High Country Thirst

by

There were days when Tom Bell must have wondered what he had been thinking. In August 1969, he purchased Camping News Weekly and a year later renamed it High Country News, launching what has become home to some of the best environmental reporting in the American West. Operating on a shoestring, the News captured devoted readers, yet not enough to pay the bills. So Bell sold his ranch, cashed in stocks and liquidated his savings. In 1973 he announced he could do no more and would have to shut down the News. Within days, money-stuffed envelopes poured in, enough to save the paper. “Somehow we have created another bond between people across a far-flung land,” Bell editorialized. The fight to save the News took its toll on Bell’s health, and a year later, he sold his stake. His successors struggled to keep the paper afloat even as they turned out one brilliant issue after another over the next 40 years.

The story should sound familiar to hard-core Observer fans. Though the two periodicals’ origins are distinct—the Observer was born amid the civil rights movement of the early 1950s; the News’ first issue appeared in 1970, the year the nation celebrated the inaugural Earth Day—they still have much in common. The muckraking mags delight in out-scooping mainstream media, and their staffs smile knowingly when their stories are picked up, often without attribution. Their writers, despite corporate media’s dominance, snare more than their share of prizes and awards. And surely Bell and Ronnie Dugger, The Observer’s founding editor, appreciate that the organizations they brought to life remain long on passion, energy, and insight, if occasionally short on cash.

Most striking is that each speaks to a devoted readership about the importance of place—their place. The Observer boasts it publishes “Sharp Reporting from the Strangest State in the Union”; the News’ masthead may be more staid—“For people who care about the west”—but its circulatory ambition is bold. It would be bolder still if it included Texas in its mix. It doesn’t, noting its coverage ranges “from the Northern Rockies to the desert Southwest, from the Great Plains to the West Coast,” thereby airbrushing the Lone Star State out of the region it played a fundamental role in inventing.

Savvy 19th-century Americans did not make the same mistake: They knew the West was defined by its environmental boundaries, not its political borders. So argued John Wesley Powell, head of the U.S. Geological Survey: His West began at the 100th meridian, which splits Texas roughly in half. Why this longitudinal line? Because it approximates the break between the wet and dry portions of the nation. (If you want to get technical, it marks the 20-inch isohyet: To the east, more than 20 inches of precipitation falls annually; to the west, less). Ergo: El Paso is not Houston.

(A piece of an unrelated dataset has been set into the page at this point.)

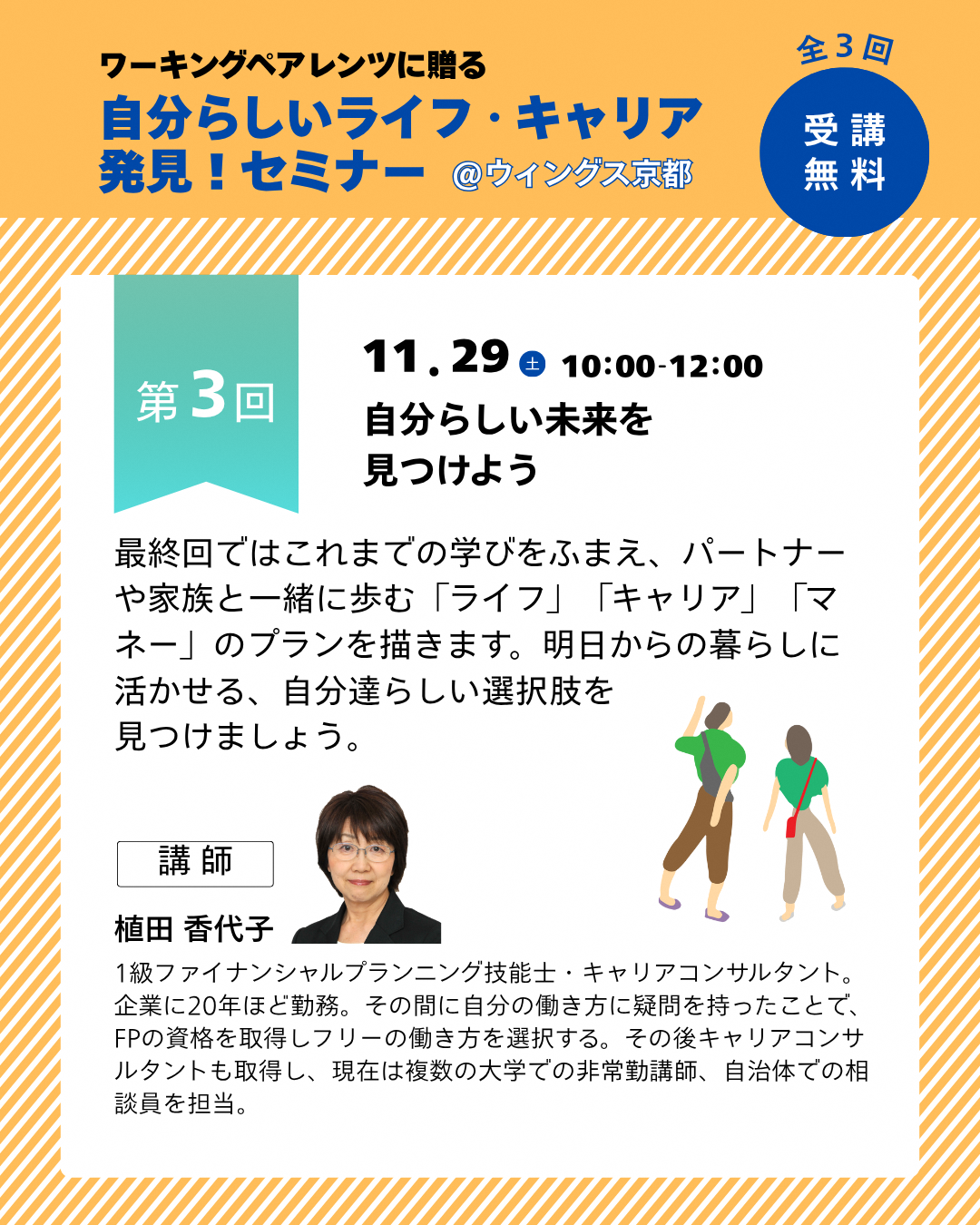 最終回ではこれまでの学びをふまえ、パートナーや家族と一緒に歩む「ライフ」「キャリア」「マネー」のプランを描きます。明日からの暮らしに活かせる、自分達らしい選択肢を見つけましょう。

This demarcation is not rigid, as there are years when Austin and San Antonio—which lie east of the dry zone—suffer crippling droughts. Yet as Powell observed in Report on the Lands of the Arid Region of the United States (1876), these variations merely underscore this sun-baked fact: Water determines the region’s economics, settlement, and politics. That’s what makes the west, The West.

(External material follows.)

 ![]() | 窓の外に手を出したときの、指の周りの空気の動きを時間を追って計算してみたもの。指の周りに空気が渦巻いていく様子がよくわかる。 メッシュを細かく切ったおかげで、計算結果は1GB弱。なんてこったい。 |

Powell’s vision gave me the organizing idea for a set of companion volumes that highlight the High Country News’ aggressive investigations into how this precious resource is managed—or not. Water in the 21st-Century West is structured thematically, tracing the impact of such issues as climate change, indigenous water rights, groundwater pollution, dams and endangered species and urban water pressures. Watersheds are the focus of the second volume, River Basins in the American West, which probes controversies swirling around the Columbia and Missouri, the Colorado and Rio Grande. These rivers may follow differing
topographies, nurture unique habitats and meet a variety of human demands, but they also reveal how similarly integral they are to the region; without them there would be no West, however mapped.

The News’ reporting on the Rio Grande drove this point home. Its lengthy, serpentine course complicates straight-line cartography; it cuts through three states and delineates the 1,254-mile international border between Mexico and the United States. The reporters of the News doggedly trace how the Rio Grande is affected by declining snowmelt that’s apportioned among a series of competitive users. Both countries have constructed dams to capture this shrinking resource, whose release is defined by a international treaty that is observed more often in the breach. Ignored as well are threatened creatures—the Rio Grande silvery minnow, for one—that depend on the river. The News exposed how metal-laden tailings are flushed into some of the Rio Grande’s northern tributaries and how, farther downstream, urban effluent and agricultural runoff create a toxic brew. Its gifted writers know that when you follow the water, you learn a great deal about the people who depend on it and the land they inhabit.

By focusing on this powerful, binding relationship between humans and the watersheds that have been channeled to serve our interests, High Country News has forced its readers—and the people they vote for—to pay closer attention to how we manage this diminishing resource. The publication’s vigilance is proof of the enduring value of an independent, aggressive and ethical press.

Contributing writer Char Miller is W.M. Keck professor of environmental analysis at Pomona College in Claremont, Calif., and editor of the forthcoming Cities and Nature in the American West.